A new NCI program will create maps of cancers with unprecedented detail.

• The Pediatric Cancer Immunotherapy Trials Network (CITN) is using the clinical trials infrastructure of the CITN to conduct clinical trials of immunotherapy agents of specific relevance to children and adolescents with cancer. Examples of the types of novel treatments to be investigated by the Pediatric CITN include cellular therapies (e.g., CAR T cells targeting pediatric cancer antigens) and antibody-based therapies, including antibody-drug conjugates, that target surface antigens preferentially expressed on childhood cancers.
• The My Pediatric and Adult Rare Tumor (MyPART) Network  of scientists, patients, family members, advocates, and health care providers is working together to help find new treatments for rare childhood, teen, and young adult solid tumors that have no cures. Working as a team, researchers share data and help design experiments and clinical trials, advocates discuss issues important to patients, and clinicians share their experiences treating rare cancers. MyPART is part of the larger NCI Rare Tumor Patient Engagement Network.

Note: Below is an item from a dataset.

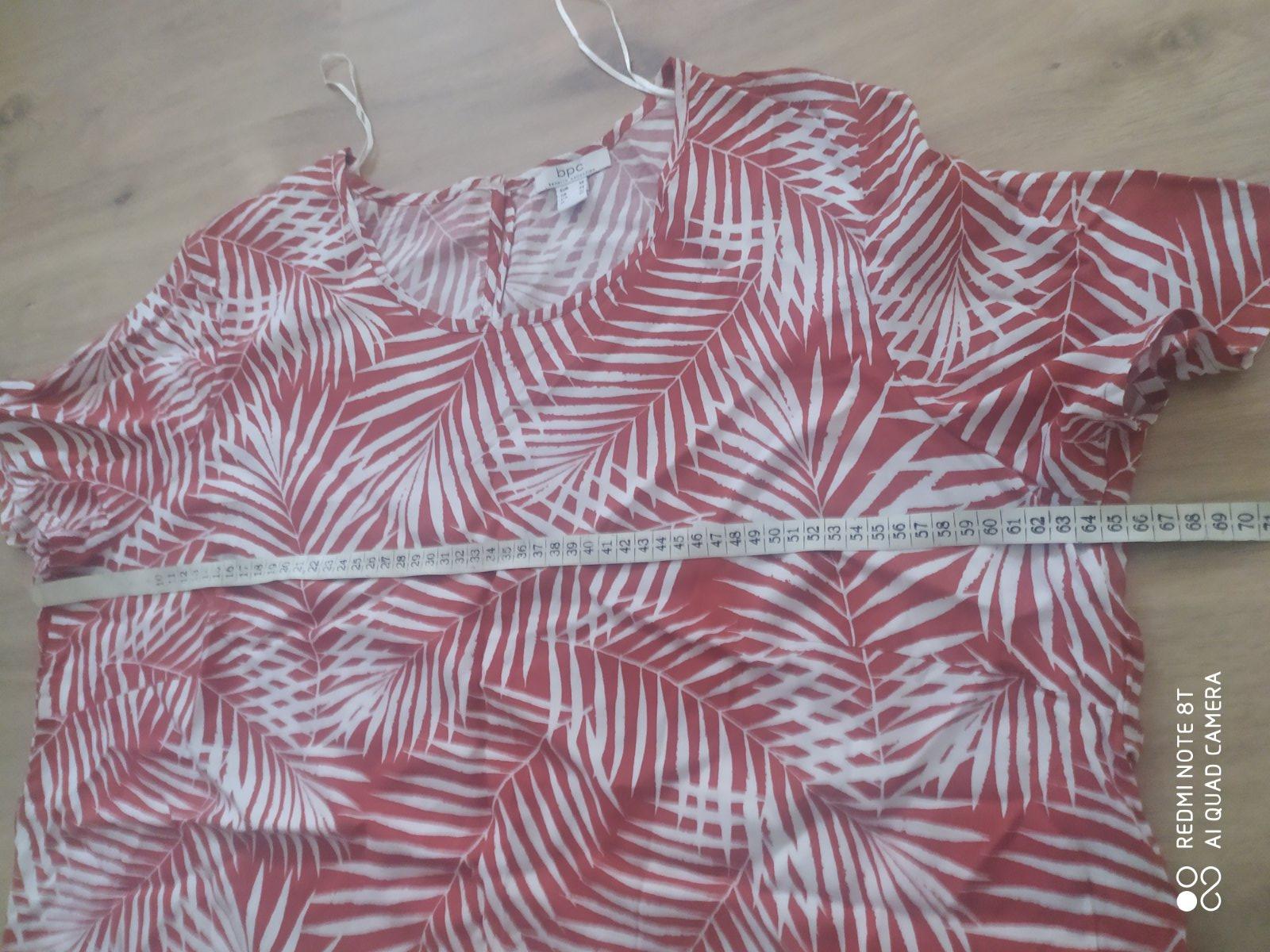Kvetovaná blúzka, veľkosť 50, značka Bodyflirt, len opraná. Rozmery: - šírka podpazušia: 2 x 66 cm v kľude, povolí na 2 x 75cm - pás: 2 x 68 cm v kľude, povolí na 2 x 74 cm - dĺžka: 66 cm

• DCEG researchers collaborate with the International Childhood Cancer Cohort Consortium (I4C) and the Childhood Leukemia International Consortium (CLIC) , collaborations that pool information from cohort studies from around the world to answer questions about childhood cancers. I4C brings together multidisciplinary teams of epidemiologists, basic scientists, and clinicians, to collaborate on investigations into the role of early-life exposures on cancer risk. CLIC includes more than 30 case–control studies and has identified associations between childhood leukemia and environmental risk factors.